Tyranosora: oh noes!
Rod69: i should have saved my crap.
Sora you are overtaken by bestial desires.
Tyranosora: “Run guys, i can’t help myself!”
you guys really find amusing ways to disrupt my plans.
SavageRonin: we were fighting.
oh right. roll inititive
SR  RFL  LQ  R69  CB  TS  OM  wrai… vampire 
Rod69: you need to learn to swear, radek! teach him to swear.
Rodney i’m not sure if you’re more insufferable sober or drunk
Rod69: insufferable? i’m adorable!!!
Tyranosora: so am i!
CarsonBeckett: sorry miss you’ve turned into a hideous spider monster.
she has? yes, she has.
Tyranosora: what do i do now i’m evil
resist attacking your friends and f… ohhh, sorry. i didn’t expect this to come up.

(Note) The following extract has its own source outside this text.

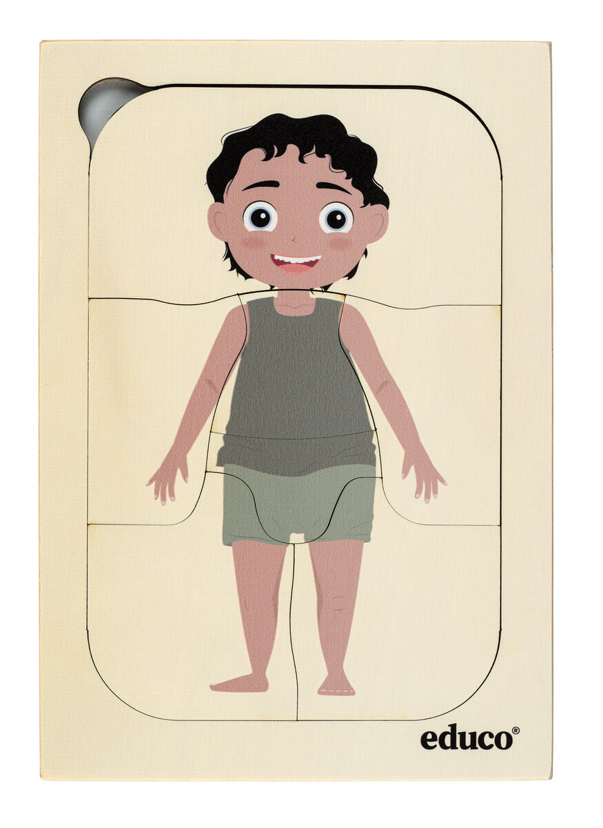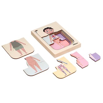24 brikker. Puslespil i 6 lag. Motivet viser menneskekroppen: skelettet, organerne, musklerne og blodcirkulationen. Mål: 20,5x34 cm. Af FSC-certificeret træ. Fra 4 år.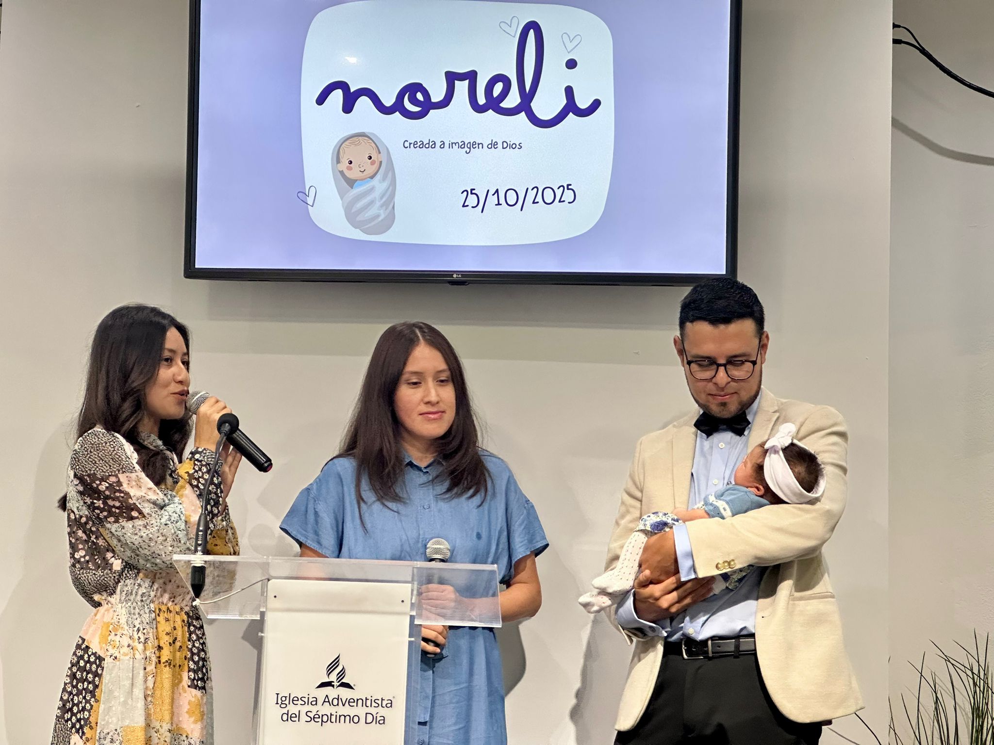 Uno de los momentos más entrañables fue la presentación de la pequeña Noreli Domínguez López, hija del matrimonio pastoral que actualmente sirve en la isla.

Tyranosora: wounds must heal. ,
at point blank range you throw your… this is awkward, the old man against a rock. he takes [roll] 8 points of damage and is into negative HP. the only people close enough to respond are rodney and carson
[12 +2] [15 +2]
you don’t break past her fortified AC. the other vampire arrives, everyone else has one turn before you arrive.
Tyranosora: 17! i attack the other vampire.
on a 20, 2d10 +5 damage
 [10, 9]
yep, he’s dead.
CarsonBeckett: rodney, give me an assist on stabilizing old man
CarsonBeckett: jesus rodney, did you smash a mirror recently.
Rod69: I Blew up a SUN!
RenegadeForLife: So you did.
how could we forget?
SavageRonin: i have to agree with dr beckett’s earlier sentiments.
the old man grips you, “i…
Rod69: we do not have time in our lives for yet another of your famous 3 minute death speeches.
LonelyQueen: is it next turn?
Tyranosora: 5. ah well, twas fun while it lasted.
you attack [roll] teyla.
Tyranosora: i guess old wounds don’t heal.
you grapple her to the floor doing minor damage.
RenegadeForLife: i join the foray 
rodney i think your luck is becoming contagious. sheppard you are knocked prone.
Rod69: i’m going to run before i accidentally cut my own head off.
SavageRonin: coward, she is on the floor?
SavageRonin: i have an ability that grants me one hit kills on prone enemies on a roll of 15 0r higher.  i take my weapon and
Weirster98 joined the room.
Weirster98: AR-1 you are overdue on your mission to m3x-207.
Ok guys, resume when you get back?
and then the actual episode happened. it was a pretty good one. i would recommend watching it. also sheppard was scratched by the wraith girl who, it turns out, did eat people but wasn’t evil.
and wraith are part that glove milk bottle puppet from 38 mins so… that’s kind of lame.
by the way stellar work on the make up/special effects.